8. Boyer-Moore: Searching strings

Although the Ada standard provides a number of string-searching subprograms (most notably in the Ada.Strings.Fixed, Ada.Strings.Unbounded and Ada.Strings.Bounded packages through the Index functions), these subprograms do not in general provide the most efficient algorithms for searching strings.

The package GNATCOLL.Boyer_Moore provides one such optimize algorithm, although there exists several others which might be more efficient depending on the pattern.

It deals with string searching, and does not handle regular expressions for instance.

This algorithm needs to preprocess its key (the searched string), but does not need to perform any specific analysis of the string to be searched. Its execution time can be sub-linear: it doesn’t need to actually check every character of the string to be searched, and will skip over some of them. The worst case for this algorithm has been proved to need approximately 3 * N comparisons, hence the algorithm has a complexity of O(n).

The longer the key, the faster the algorithm in general, since that provides more context as to how many characters can be skipped when a non-matching character is found..

We will not go into the details of the algorithm, although a general description follows: when the pattern is being preprocessed, Boyer-Moore computes how many characters can be skipped if an incorrect match is found at that point, depending on which character was read. In addition, this algorithm tries to match the key starting from its end, which in general provides a greater number of characters to skip.

For instance, if you are looking for “ABC” in the string “ABDEFG” at the first position, the algorithm will compare “C” and “D”. Since “D” does not appear in the key “ABC”, it knows that it can immediately skip 3 characters and start the search after “D”.

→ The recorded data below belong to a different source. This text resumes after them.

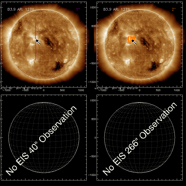 EIS Observation timeline overlay to GOES-Xray curve Code 1" 2" 40" 266" EIS Observations list for this event: STUDY ACRONYM ID DATE OBSERVED DESCRIPTION NOAA# TARGET 0 HH_Flare_180x152f | 23978 | 2011/08/20 11:08:35 | AR117271 flare obs | | Flare TIMELINE ID DATE OBSERVED FITS FILE XCEN (+W/-E) YCEN (+N/-S) DUR ----------------------------------------------------------------------------------------------------------------- 23978 | 2011/08/20 11:08:35.000 | eis_l0_20110820_110835.fits.gz | -278.26 | 137.23 | 2m48s 23978 | 2011/08/20 11:11:26.000 | eis_l0_20110820_111126.fits.gz | -277.87 | 137.15 | 2m48s 23978 | 2011/08/20 11:14:17.000 | eis_l0_20110820_111417.fits.gz | -277.56 | 137.23 | 2m48s 23978 | 2011/08/20 11:17:08.000 | eis_l0_20110820_111708.fits.gz | -277.10 | 137.23 | 2m48s 23978 | 2011/08/20 11:19:59.000 | eis_l0_20110820_111959.fits.gz | -276.64 | 137.23 | 2m48s 23978 | 2011/08/20 11:22:50.000 | eis_l0_20110820_112250.fits.gz | -276.25 | 137.23 | 2m48s 23978 | 2011/08/20 11:25:41.000 | eis_l0_20110820_112541.fits.gz | -275.86 | 137.00 | 2m47s 23978 | 2011/08/20 11:28:31.000 | eis_l0_20110820_112831.fits.gz | -275.40 | 137.15 | 2m48s 23978 | 2011/08/20 11:31:22.000 | eis_l0_20110820_113122.fits.gz | -275.09 | 137.15 | 2m48s 1 HH_Flare_180x152f | 23954 | 2011/08/20 11:59:47 | AR11271 flare obs | | Flare TIMELINE ID DATE OBSERVED FITS FILE XCEN (+W/-E) YCEN (+N/-S) DUR ----------------------------------------------------------------------------------------------------------------- 23954 | 2011/08/20 11:59:47.000 | eis_l0_20110820_115947.fits.gz | -271.15 | 136.92 | 2m47s 23954 | 2011/08/20 12:02:37.000 | eis_l0_20110820_120237.fits.gz | -270.69 | 137.00 | 2m47s 23954 | 2011/08/20 12:05:27.000 | eis_l0_20110820_120527.fits.gz | -270.30 | 137.08 | 2m48s 23954 | 2011/08/20 12:08:18.000 | eis_l0_20110820_120818.fits.gz | -269.84 | 136.85 | 2m48s 23954 | 2011/08/20 12:11:09.000 | eis_l0_20110820_121109.fits.gz | -269.45 | 137.00 | 2m48s 23954 | 2011/08/20 12:13:59.000 | eis_l0_20110820_121359.fits.gz | -269.07 | 136.92 | 2m49s 23954 | 2011/08/20 12:16:50.000 | eis_l0_20110820_121650.fits.gz | -268.68 | 136.92 | 2m49s 23954 | 2011/08/20 12:19:42.000 | eis_l0_20110820_121942.fits.gz | -268.29 | 136.77 | 2m47s 23954 | 2011/08/20 12:22:32.000 | eis_l0_20110820_122232.fits.gz | -267.91 | 136.85 | 2m48s 23954 | 2011/08/20 12:25:22.000 | eis_l0_20110820_122522.fits.gz | -267.37 | 136.69 | 2m49s 23954 | 2011/08/20 12:28:13.000 | eis_l0_20110820_122813.fits.gz | -267.14 | 136.85 | 2m48s 23954 | 2011/08/20 12:31:04.000 | eis_l0_20110820_123104.fits.gz | -266.67 | 136.69 | 2m48s 23954 | 2011/08/20 12:33:54.000 | eis_l0_20110820_123354.fits.gz | -266.29 | 136.69 | 2m49s 23954 | 2011/08/20 12:36:46.000 | eis_l0_20110820_123646.fits.gz | -265.98 | 136.92 | 2m47s 23954 | 2011/08/20 12:39:36.000 | eis_l0_20110820_123936.fits.gz | -265.44 | 136.85 | 2m48s 23954 | 2011/08/20 12:42:27.000 | eis_l0_20110820_124227.fits.gz | -265.05 | 136.77 | 2m48s 23954 | 2011/08/20 12:45:18.000 | eis_l0_20110820_124518.fits.gz | -264.66 | 136.77 | 2m48s 23954 | 2011/08/20 12:48:08.000 | eis_l0_20110820_124808.fits.gz | -264.28 | 136.69 | 2m49s 23954 | 2011/08/20 12:50:59.000 | eis_l0_20110820_125059.fits.gz | -263.89 | 136.62 | 2m49s 23954 | 2011/08/20 12:53:50.000 | eis_l0_20110820_125350.fits.gz | -263.43 | 136.62 | 2m48s 23954 | 2011/08/20 12:56:41.000 | eis_l0_20110820_125641.fits.gz | -263.04 | 136.69 | 2m48s 2 HH_Flare_180x152f | 23955 | 2011/08/20 13:38:51 | AR11271 flare obs | | Flare TIMELINE ID DATE OBSERVED FITS FILE XCEN (+W/-E) YCEN (+N/-S) DUR ----------------------------------------------------------------------------------------------------------------- 23955 | 2011/08/20 13:38:51.000 | eis_l0_20110820_133851.fits.gz | -257.09 | 136.46 | 2m48s 23955 | 2011/08/20 13:41:42.000 | eis_l0_20110820_134142.fits.gz | -256.71 | 136.54 | 2m49s 23955 | 2011/08/20 13:44:33.000 | eis_l0_20110820_134433.fits.gz | -256.24 | 136.31 | 2m49s 23955 | 2011/08/20 13:47:24.000 | eis_l0_20110820_134724.fits.gz | -255.93 | 136.38 | 2m49s 23955 | 2011/08/20 13:50:15.000 | eis_l0_20110820_135015.fits.gz | -255.47 | 136.31 | 2m48s 23955 | 2011/08/20 13:53:06.000 | eis_l0_20110820_135306.fits.gz | -255.16 | 136.31 | 2m48s 23955 | 2011/08/20 13:55:57.000 | eis_l0_20110820_135557.fits.gz | -254.70 | 136.31 | 2m13s 23955 | 2011/08/20 13:59:15.000 | eis_l0_20110820_135915.fits.gz | -254.24 | 136.31 | 2m20s 23955 | 2011/08/20 14:01:38.000 | eis_l0_20110820_140138.fits.gz | -253.93 | 136.38 | 2m48s 23955 | 2011/08/20 14:04:29.000 | eis_l0_20110820_140429.fits.gz | -253.46 | 136.15 | 2m48s 23955 | 2011/08/20 14:07:19.000 | eis_l0_20110820_140719.fits.gz | -253.15 | 136.23 | 2m48s 23955 | 2011/08/20 14:10:10.000 | eis_l0_20110820_141010.fits.gz | -252.77 | 136.23 | 2m48s 23955 | 2011/08/20 14:13:01.000 | eis_l0_20110820_141301.fits.gz | -252.23 | 136.31 | 2m48s 23955 | 2011/08/20 14:15:52.000 | eis_l0_20110820_141552.fits.gz | -251.84 | 136.23 | 2m48s 23955 | 2011/08/20 14:18:43.000 | eis_l0_20110820_141843.fits.gz | -251.45 | 136.23 | 2m48s 23955 | 2011/08/20 14:21:33.000 | eis_l0_20110820_142133.fits.gz | -251.07 | 136.07 | 2m48s 23955 | 2011/08/20 14:24:24.000 | eis_l0_20110820_142424.fits.gz | -250.68 | 136.07 | 2m48s 23955 | 2011/08/20 14:27:15.000 | eis_l0_20110820_142715.fits.gz | -250.22 | 136.15 | 2m48s 23955 | 2011/08/20 14:30:06.000 | eis_l0_20110820_143006.fits.gz | -249.91 | 136.07 | 2m48s 23955 | 2011/08/20 14:32:57.000 | eis_l0_20110820_143257.fits.gz | -249.52 | 136.23 | 2m48s 23955 | 2011/08/20 14:35:47.000 | eis_l0_20110820_143547.fits.gz | -249.06 | 136.15 | 2m48s 3 regcal071 | 23907 | 2011/08/20 16:24:12 | Dark exposures, CCD bottom rows (100s | | Engineering TIMELINE ID DATE OBSERVED FITS FILE XCEN (+W/-E) YCEN (+N/-S) DUR ----------------------------------------------------------------------------------------------------------------- 23907 | 2011/08/20 16:24:12.000 | eis_l0_20110820_162412.fits.gz | -216.77 | -169.4
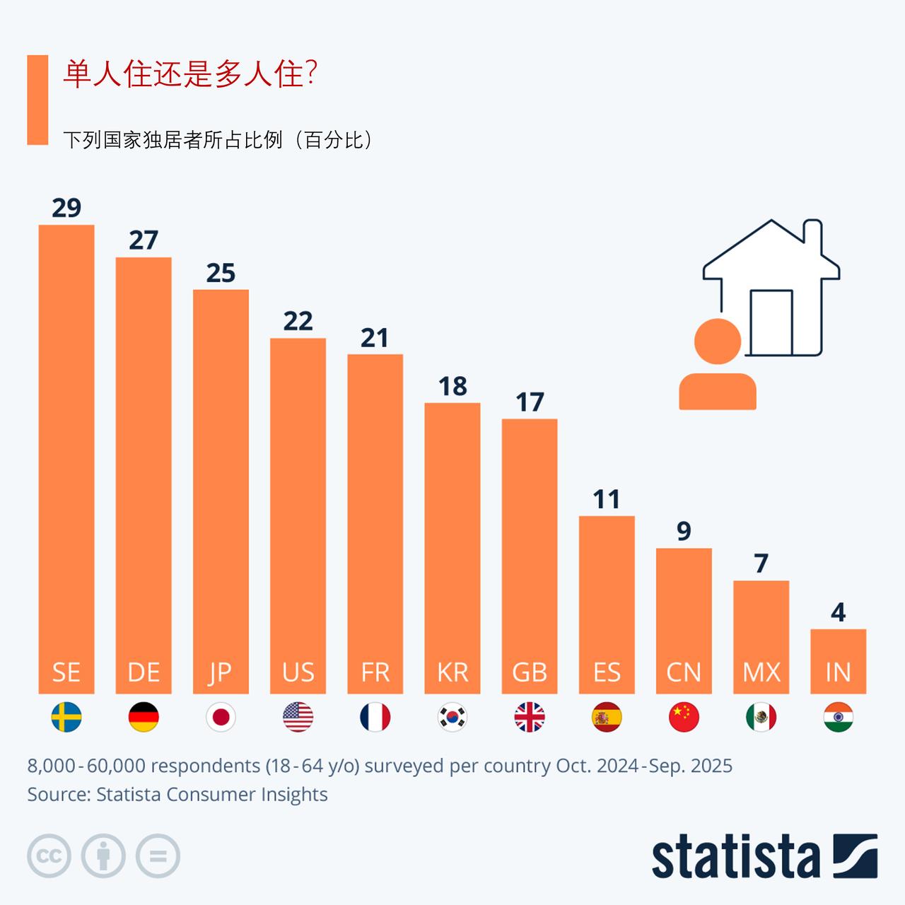 世界上哪个国家独居的人多? 在某些国家,独居的情况比在其他国家更为普遍。来自 Statista 消费者洞察调查的数据表明,在瑞典,年龄在 18 至 64 岁之间的受访者中,约有三分之一表示在调查期间(2024 年 10 月至 2025 年 9 月)自己是独居状态。如下图所示,在德国(27%的受访者选择了这一答案)、日本(25%)和美国(22%)等国家,这种情况也相当常见。 在中国,仅有 9% 的受访者表示自己独自生活,而最常见的居住方式是三人一组的家庭生活,这一选项被 53% 的受访者选择。而在印度,人们更倾向于与更多人共同居住在一个家庭中,最受欢迎的答案是四人(34%)或五人及以上(38%)。在印度,仅有 4% 的受访者表示自己独自生活。这是所调查的 31 个国家中比例最低的。
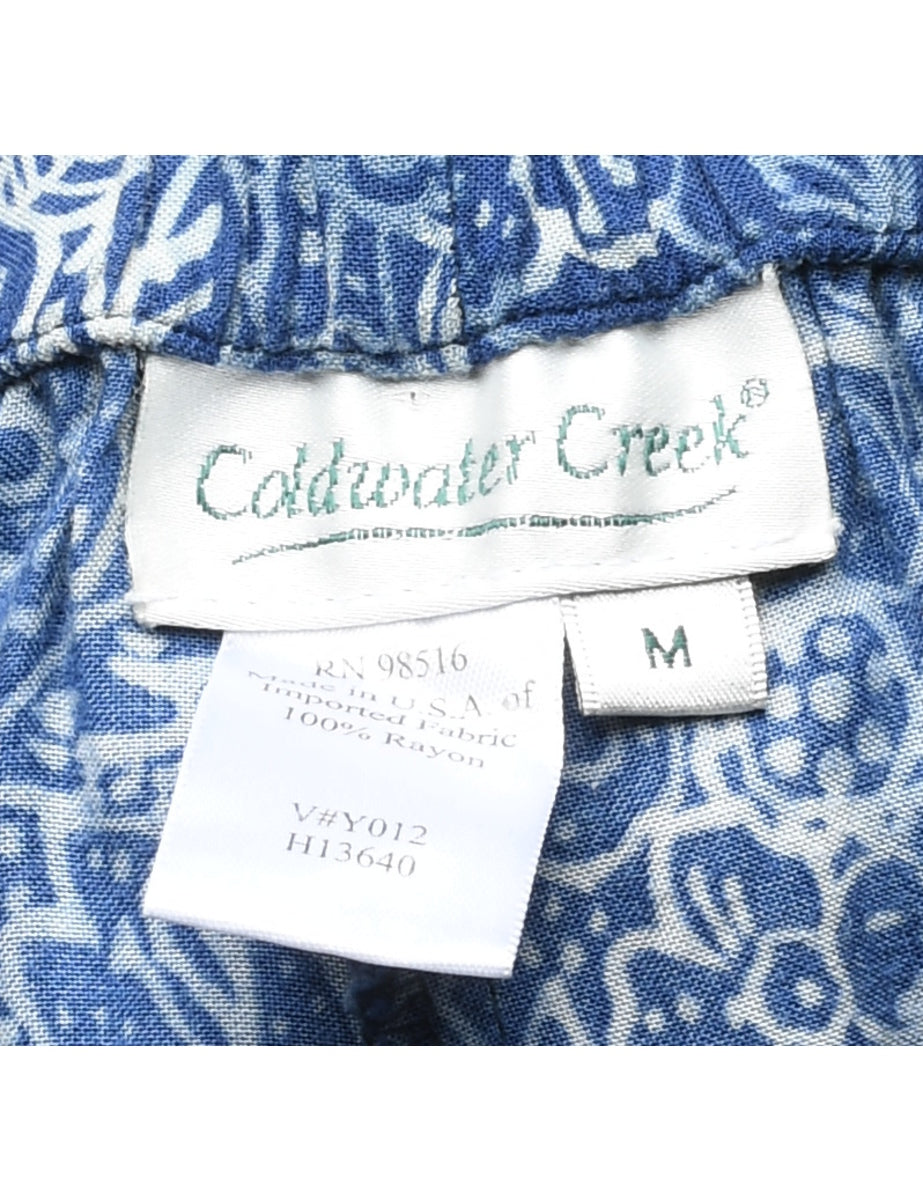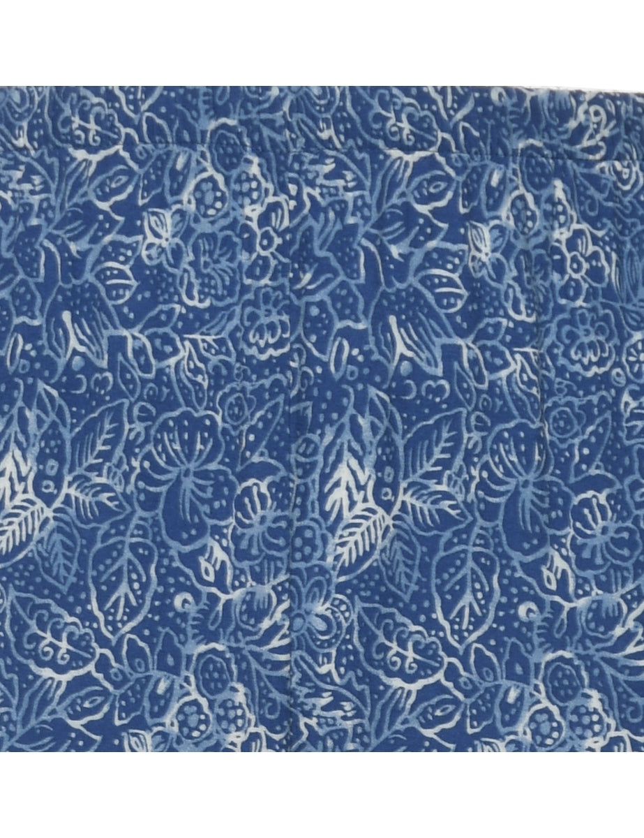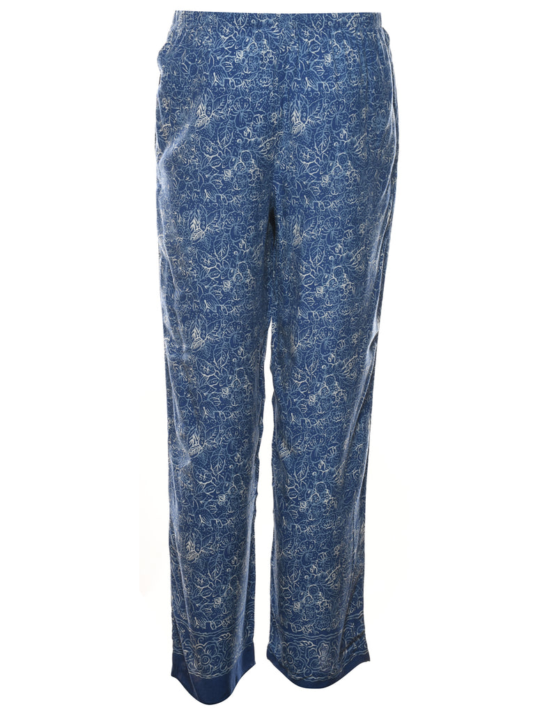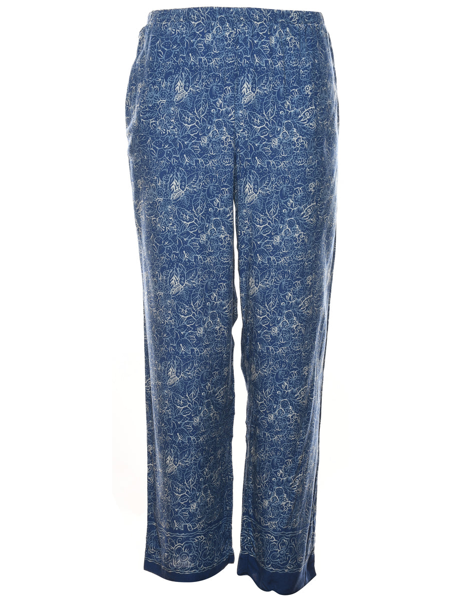 Floral print trousers. Comes in blue with multiple pockets and an elasticized waist.

Using this package is extremely easy, and it has only a limited API:

declare
  Str : constant String := "ABDEABCFGABC";
  Key : Pattern;
  Index : Integer;
begin
  Compile (Key, "ABC");
  Index := Search (Key, Str);
end

Search will either return -1 when the pattern did not match, or the index of the first match in the string. In the example above, it will return 5.

If you want to find the next match, you have to pass a substring to search, as in:

Index := Search (Key, Str (6 .. Str'Last));